— Тем лучше, меньше придётся потеть на работе, — смеётся, подмигивая, рабочий. В ответ ему Рэймон улыбается.
В конце платформы — суматоха.
— Вот он ползёт как черепаха, — объявляет насмешливый голос.
Все кидаются, чтобы занять свободные места. Толпа несёт Марсель и Рэймона к скамейкам, но всё уже занято.
Какой-то рабочий уступает Марсель место:
— Садитесь, пожалуйста!
Он встаёт и оказывается рядом с Рэймоном. Против обыкновения, в этот утренний час у всех оживлённые лица, слышится возбуждённый говор. Поезд трогается.
— Случилось что-нибудь? — спрашивает Рэймон у рабочего.
— Как, вы не знаете?
— Я только что приехал из Парижа.
— Ночью взорвали станцию Сент-Ассиз.
В приливе невыразимой радости Рэймон изо всех сил сжимает перекладину.

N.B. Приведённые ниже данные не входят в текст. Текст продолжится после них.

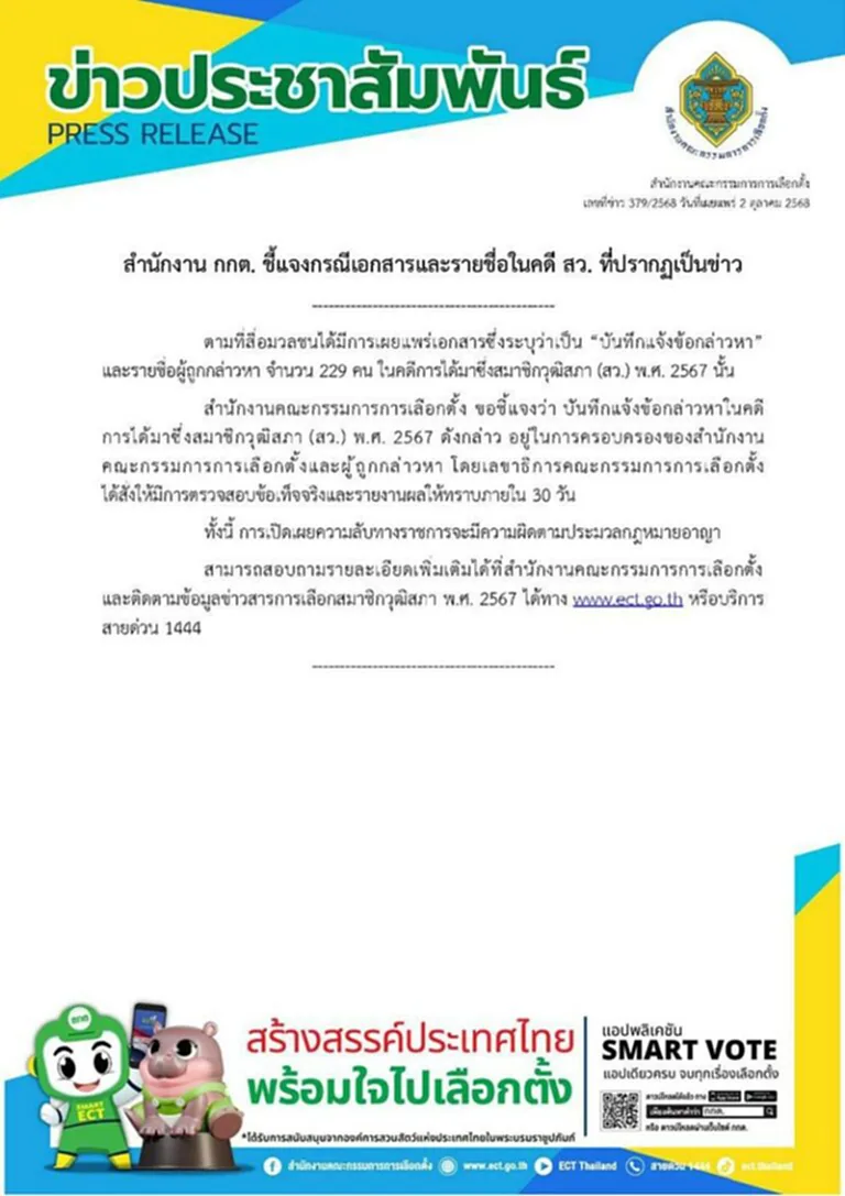 2 ต.ค.2568 สำนักงานคณะกรรมการการเลือกตั้ง (กกต.) ได้ออกเอกสารชี้แจงกรณีมีการเผยแพร่เอกสารซึ่งระบุว่าเป็น “บันทึกแจ้งข้อกล่าวหา” และรายชื่อผู้ถูกกล่าวหา จำนวน 229 คน ในคดีการได้มาซึ่งสมาชิกวุฒิสภา (สว.) พ.ศ.2567
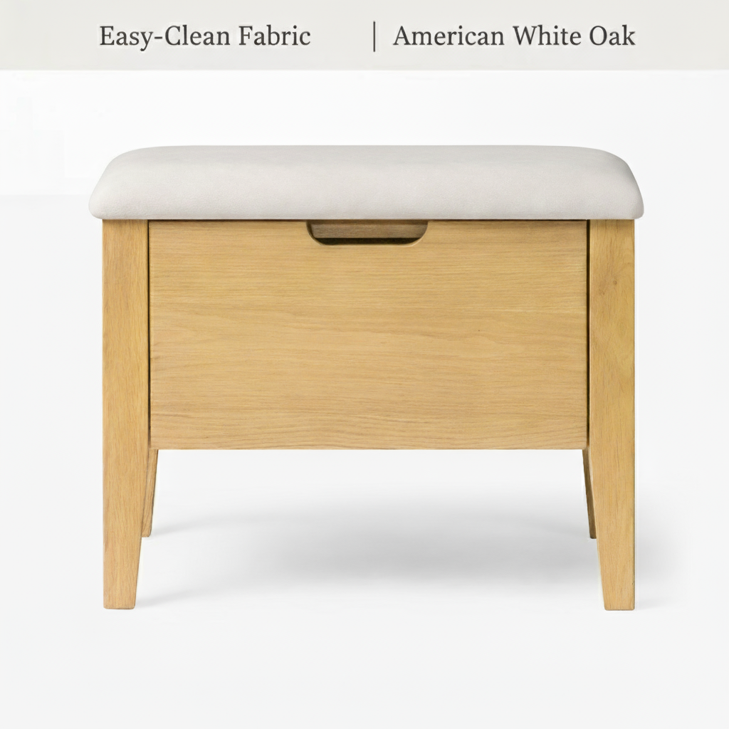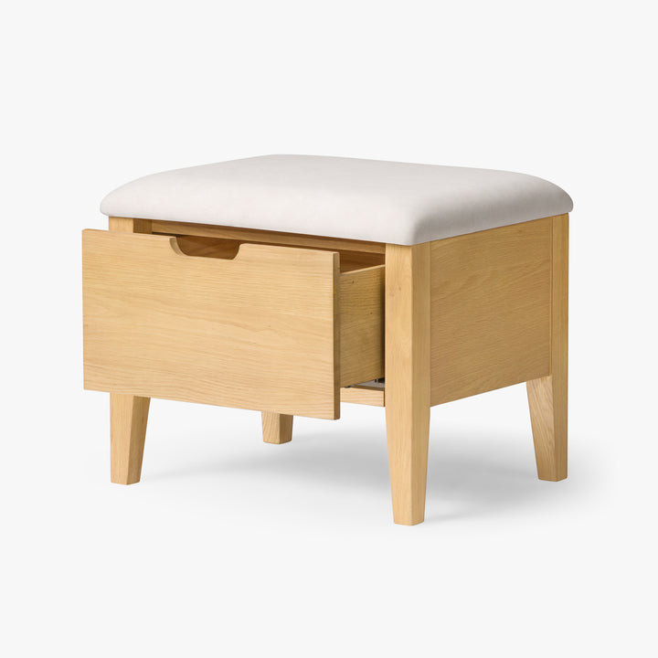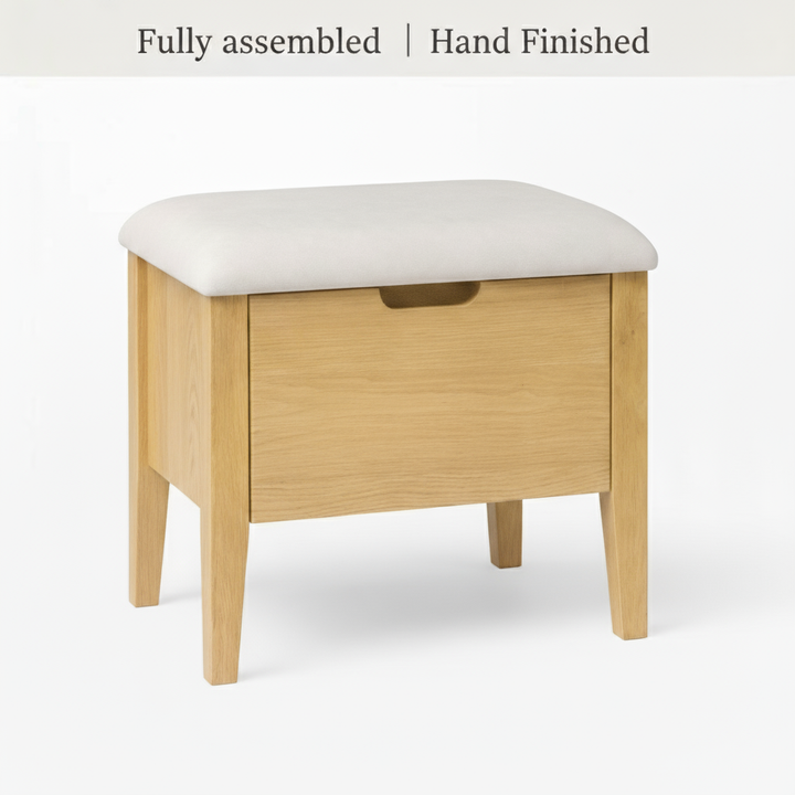Compact yet full of character, the Oslo bench brings elegance and utility together in a refined form. Crafted from solid oak, this smaller version offers a smooth beige leather seat for comfort and a soft-close drawer for discreet storage. Its clean design and natural wood finish make it ideal for hallways, bedrooms, or any corner that needs both seating and storage.

Вокруг все только и говорят о происшествии.
— Дело было жаркое! — утверждает кто-то. — Ещё утром там был виден дым.
— А что в точности произошло?
— Неизвестно. Почти всю ночь взрывались бомбы, шла стрельба. Одно достоверно: сегодня немцы больше никого не пропускают и хватают людей на дорогах.
— Чистая работа, — тихо говорит рабочий.
С наигранным удивлением Рэймон спрашивает;
— Кто же мог это сделать?
Марсель смотрит на него блестящими глазами.
— Да англичане, — шепчет ему на ухо старушка, — вы разве не слушаете радио?
Рэймону очень хочется её ударить, но он тут же видит, как рабочий слегка пожимает плечами. Их взгляды встречаются.
Марсель сияет.
Теперь она поняла. До чего ей хочется объявить всем вокруг: «Это сделали наши — французы. Мой муж. А вы-то чего ждёте?»
Некоторое время спустя после взрыва на станции Сент-Ассиз Андрэ и Робер прогуливаются под деревьями авеню маршала Фоша. Осень. По направлению к Булонскому лесу проезжает амазонка. Рядом с ней, на замечательном рысаке, — опереточный персонаж с зализанными волосами, с гвоздичкой в петлице.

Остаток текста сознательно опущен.